治水が主目的の小渋ダムは、もともと洪水のとき以外は水をせき止めていたため、ダムの下流に水が流れることは、かつてはほとんどなかった。下流には大きな石がごろごろと並ぶ「無水区間」が約5キロも続いていた。
しかし、ダムが河川の環境に悪影響を及ぼしているという世論の高まりなどを背景に、1997年に河川法が改正され、「河川環境の整備と保全」が法の目的に加えられた。小渋ダムでもこれを受ける形で、2000年から下流に一定量の水を流すようになった。
バイパストンネルから水と土砂を流すようになれば、ダムが建設される前にあった砂や砂利が混じる河原が、いくらかでも復活する可能性がある。
バイパストンネルは、日本では関西電力の水力発電用ダムで1998年につくられたのが最初。天竜川の支流でも、三峰(みぶ)川の「美和ダム」(長野県伊那市)で2005年に完成し、試験運用が続いているが、歴史はまだ浅い。
小渋ダムのトンネルの使い方について、竹内さんは「ダムにたまる土砂の増加を抑える運用方法を、3年くらいかけて探っていきたい」と話す。
■住民の声受け撤去も
日本には約3千基のダムがある。日本ダム協会によると、完工時期のピークは、高度経済成長期の1960年代。これらのダムがいま、ちょうど「50代」に入りつつある。
ダムには、上流から流れてくる土砂が必ずたまる。この土砂は「堆砂(たいしゃ)」と呼ばれ、多くのダムは100年間にたまる土砂の量(計画堆砂量)をあらかじめ計算して、建設されている。
しかし、大自然の営みは、計算通りにいくとは限らない。
京都大学防災研究所の角哲也教授(水工水理学)によると、堆砂測量が行われている全国の約800のダムのうち、堆砂が計画量をすでに超えたダムは2割強。「年齢を重ねれば人と同じで、健康維持対策や、場合によっては肉体改造が必要になる」と角さん。
対策が遅れれば、あとで対策費がよりかさむ可能性がある。「早期対策」が大切なのも人と同じらしい。
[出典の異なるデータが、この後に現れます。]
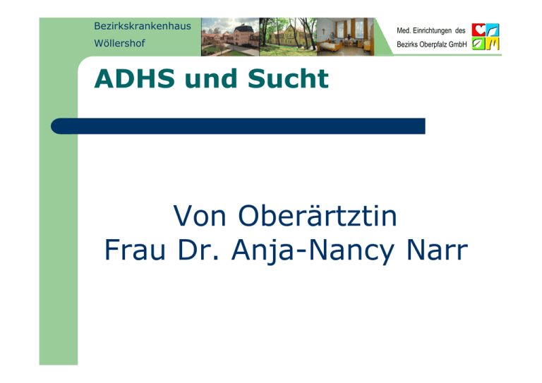 Bezirkskrankenhaus Med. Einrichtungen des Wöllershof Bezirks Oberpfalz GmbH ADHS und Sucht Von Oberärtztin Frau Dr. Anja-Nancy Narr Bezirkskrankenhaus Med. Einrichtungen des Wöllershof Bezirks Oberpfalz GmbH ADHS Kardinalsymptome Aufmerksamkeitsstörung Überaktivität Von den zwei Kardinalsymptomen wird mindestens eins gefordert zur Diagnose. Bezirkskrankenhaus Med. Einrichtungen des Wöllershof Bezirks Oberpfalz GmbH weitere Symptombereiche Aufmerksamkeitsstörung in Form von Ablenkbarkeit und Schusseligkeit. Motorische Überaktivität bei Erwachsenen oft in Form von innerer Gespanntheit, innerer Unruhe zu finden. Affektlabilität (launisch) Desorganisiertes Verhalten Bezirkskrankenhaus Med. Einrichtungen des Wöllershof Bezirks Oberpfalz GmbH weitere Symptombereiche Verminderte Affektkontrolle, z.B. gesteigerte Reizbarkeit und Jähzorn Impulsivität Emotionale Überreagibilität, gemeint sind überschießende Emotionen, z.B. Angst bei Stress Wissenschaftsgeschichte Heinrich Hoffmann 1846 (Psychiater) Ordinarius für Psychiatrie Erster Leiter des ersten psychiatrischen Krankenhauses in Frankfurt/ Main Wegen Rastlosigkeit und Exzessen als Student zweifelte sein Vater an seiner Fähigkeit, jemals selbständig leben zu können Eigene Erfahrung und Beobachtungen an Kindern seiner Freunde Struwwelpeter für dreijährigen Sohn geschrieben Bezirkskrankenhaus Med. Einrichtungen des Wöllershof Bezirks Oberpfalz GmbH Struwelpeter Bindungsstörung: durch oppositionelles Verhalten, Versuch der Selbststabilisierung Selbstwertprobleme, Alltagsprobleme Von Heinrich Hoffmann 1846, Bezirkskrankenhaus Med. Einrichtungen des Wöllershof Bezirks Oberpfalz GmbH das neugierige, Verbote übertretende Paulinchen Ermahnungen nicht zugänglich, fehlende Voraussicht, Bezugspersonen haben keinen Einfluss. (Versuchungssituation auch bei fliegendem Robert) Bezirkskrankenhaus Med. Einrichtungen des Wöllershof Bezirks Oberpfalz GmbH Der fliegende Robert -Thrill seeking Bezirkskrankenhaus Med. Einrichtungen des Wöllershof Bezirks Oberpfalz GmbH Ludwig und Kaspar die „neckenden“, dissozialen übermütigen Jungen Auffälliges Kontaktverhalten, Selbstwertprobleme, Kontaktverhalten fehlende Voraussicht Ermahnungen nicht zugänglich, Antiautoritär Bezirkskrankenhaus Med. Einrichtungen des Wöllershof Bezirks Oberpfalz GmbH der ermüdende „wilde“ Jäger Defizit im Durchhaltevermögen und Daueraufmerksamkeit, schnell gelangweilt, rasch ermüdbar. Bezirkskrankenhaus Med. Einrichtungen des Wöllershof Bezirks Oberpfalz GmbH der verträumte Hans Guck in die Luft verträumt, unaufmerksam, Kontaktverhalten der introvertierte Daumenlutscher Bezirkskrankenhaus Med. Einrichtungen des Wöllershof Bezirks Oberpfalz GmbH Der Zappelphilipp Hyperaktiv Ermahnungen nicht zugänglich Bezirkskrankenhaus Med. Einrichtungen des Wöllershof Bezirks Oberpfalz GmbH Prävalenzen ADHS ist mit 3 – 5 % die häufigste Diagnose im Kindesalter. Fortdauer der Störung bis ins Erwachsenenalter zu 35 – 50 % ADHS im Erwachsenenalter 1 – 2,5 %. Bezirkskrankenhaus Med. Einrichtungen des Wöllershof Bezirks Oberpfalz GmbH wissenschaftliche Befunde: Genetik vs Umwelt Hoher genetischer Einfluss (60-80% (-95%)) Risiko für erst gradig Verwandte um das 5 fache erhöht Schimmelmann B et al 2006 Genetische Befunde bei der Aufmerksamkeitsdefizit- und Hyperaktivitätsstörung (ADHS) 'Z Kinder Jugendpsychiatr. Psychother. 2006 Nov;34(6):425-33 monozygotische Konkordanz: 80-98% (Brasset- Harknett A et al 2007) Bezirkskrankenhaus Med. Einrichtungen des Wöllershof Bezirks Oberpfalz GmbH wissenschaftliche Befunde: Genetik vs Umwelt Umweltfaktoren: ca 20 -25%, u.a. -niedriger Sozialstatus -elterliche Konflikte, Scheidung -Vernachlässigung, Missbrauch in der Kindheit Früher Verlust oder Trennung von Familienangehörigen (Cantwell 1996) Polygenetisch deshalb auch so vielfältiges Erscheinungsbild und unterschiedliche Medikamentenwirkung Dopamintransporter (Erhöhung) Dopamin D4-Rezeptor,Noradrenalin Receptoren ( 2a und 2b Rec), COMT, auch Serotonin u.a.? (Krause 2003; Adhs im Erwachsenenalter) Bezirkskrankenhaus Med. Einrichtungen des Wöllershof Bezirks Oberpfalz GmbH Ursachen der Zunahme der Symptomvielfalt des ADHS im Erwachsenenalter Beim Erwachsenwerden zunehmende geringere äussere Strukturierung, mehr Eigenverantwortung gefordert Zunehmende komplexere Alltagswelt: persönliche Entwicklung bedarf stetiger Entscheidungsfindung Zunehmende psychodynamische Komponenten durch : -vermehrte und langanhaltende negative Erfahrungen -vermindertes Selbstbewußtsein und -verminderte Kompetenz zur kognitiven und emotionalen Verarbeitung Zusätzliche Entwicklung der psychischen Begleiterkrankungen Bezirkskrankenhaus Med. Einrichtungen des Wöllershof Bezirks Oberpfalz GmbH Zusammenfassung Wissenschaftsgeschichte Hinweise auf biologisch bedingte Entwicklung von Anfang an (vor allem Vererbung ) später: Wirkung von Stimulantien Umweltbedingt? Reaktionsweisen der Eltern - und warum sind die Eltern so? frühe negative Erfahrungen Kontakt- und Bindungsstörung Zuerst Wahrnehmung der Hyperaktivität, später auch der Aufmerksamkeitsstörungen und der emotionalen Schwierigkeiten Sehr späte Wahrnehmung in der Erwachsenenpsychiatrie Bezirkskrankenhaus Med. Einrichtungen des Wöllershof Bezirks Oberpfalz GmbH Zusammenfassung wissenschaftlicher Befunde Genetik: Dopaminerge Funktionstörungen (DAT, DRD4 Rec.), auch noradrenerg Bildgebung: Veränderungen striatofrontaler Leitungsbahnen, frontale und auch cerebelläre Funktionstörungen Neuropsychologische Leistungsdefizite bzgl Exekutiver Funktionen, nicht spezifisch für ADHS Bezirkskrankenhaus Med. Einrichtungen des Wöllershof Bezirks Oberpfalz GmbH Comorbiditäten Insgesamt sind bei ADHS viele, lediglich 3 % haben 0, 11 % eine Nebendiagnose, 12 % zwei weitere psychiatrische Diagnosen, 18 % drei weitere psychiatrische Diagnosen und 56 % bis zu vier weitere psychiatrische Diagnosen. Häufigste Nebendiagnosen sind Störu

堆砂対策には小渋ダムのような「貯砂ダム」「バイパストンネル」のほか、ダムに土砂を流す専用ゲートを設ける方法などがある。こうした設備で既存のダムの長寿命化を図る試みがすすむ一方、土砂をほとんどため込まない構造のダムもつくられ始めた。
島根県益田市にある「益田川ダム」は治水専用で、2006年に完成した。ふだんはダムの下部の穴から川の水を流し、洪水時だけ水をためる。「穴あきダム」と呼ばれる構造だ。
「土砂が流れないと、魚の生息場が減る。下流の河原に木々が繁茂して、洪水被害が増大する危険もある。海岸浸食の原因にもなる。土砂を流すさまざまな技術開発が必要だ」と角さん。
役割を終え、撤去されるダムもある。熊本県八代市の球磨川河口から約20キロ上流にある「荒瀬ダム」は、12年から撤去工事がすすむ。今年3月には右岸側がほぼ取り壊され、球磨川の自然の流れが約60年ぶりに戻った。
県の水力発電用ダムとして、1955年に完工した。しかし、川と土砂の流れが遮断されてアユなどが遡上(そじょう)できなくなり、下流の八代海の干潟の環境も悪化。撤去を求める住民の声などを受けて、県は2010年に撤去を決めた。17年度に撤去工事を完了する。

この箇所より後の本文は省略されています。